Generally, this community is dominated by one to two species of low-growing, dense, mat-forming sedges including Carex paysonis, Carex nigricans, or Carex scirpoidea. There is low cover of Drummond’s rush. Snow-loving forbs occur, including slender mountain sandwort and creeping sibbaldia.
Specifically, there are four types of vegetation communities:
1. Carex paysonis type: dominated by Carex paysonis (38 percent average canopy cover), juncus drummondii (10 percent), and Sibbaldia procumbens (11 percent). Incidental but fair average cover includes Carex nigricans (13 percent) and Antennaria species (10 percent).
2. Carex scirpoidea type: dominated by Carex scirpoidea (90 percent average canopy cover), Carex paysonis (5 percent), and Juncus mertensianus (1 percent).
3. Carex nigricans type: dominated by Carex nigricans (65 percent average canopy cover), Carex paysonis (35 percent), Salix arcticus (33 percent), Packera streptanthifolia (6 percent), Poa alpine (2 percent), Sibbaldia procumbens (1 percent), and Luzula glabrata var. hitchcockii (5 percent).

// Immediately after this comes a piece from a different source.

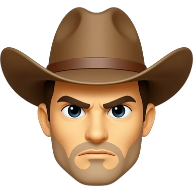 serious stern cowboy more simple, just the face, classic simple yellow smiley but a stern cowboy, emoji

4. Juncus parryi type: dominated by Juncus parryii (19 percent), Arenaria capillaris (6 percent), Erigeron peregrinus (2 percent), Sibbaldia procumbens (5 percent), Carex paysonis (3 percent), Carex sphaerocephala (3 percent), Carex rossii (2 percent), and Carex rupestris (1 percent).


Transition 1
This pathway represents climate change in which the Reference State plant composition is irreversibly changed with the warming temperatures reducing snowpack, increasing growing season length and summer drought, and therefore allowing invasion by associated site species. The amount of time this would take is unknown at this time.
State 2.0
Climate change can have a profound effect on snowbed vegetation communities. The harsh site conditions and very short growing season of Nivation hollows dictate that only highly adapted species are able to thrive. Highly adapted species are not generalist species and therefore do not compete well against other species if dramatic changes occur. These species have special growth conditions, their sensitivity to and inability to respond rapidly to changes in annual snowfall patterns make them particularly vulnerable in a warmer climate. These snowbed communities would be negatively impacted by climate change and would be invaded by species from adjacent plant communities, particularly deciduous shrubs (Bjork and Molau, 2007). It is proposed that snowbed plants have low competitive advantage in a warmer climate than fellfield plants due to their low relative invasion potential, and lengthened growing season and increased snow pollution by atmospheric N and other nutrients (Bjork and Molau, 2007). The amount of time this would take is unknown at this time.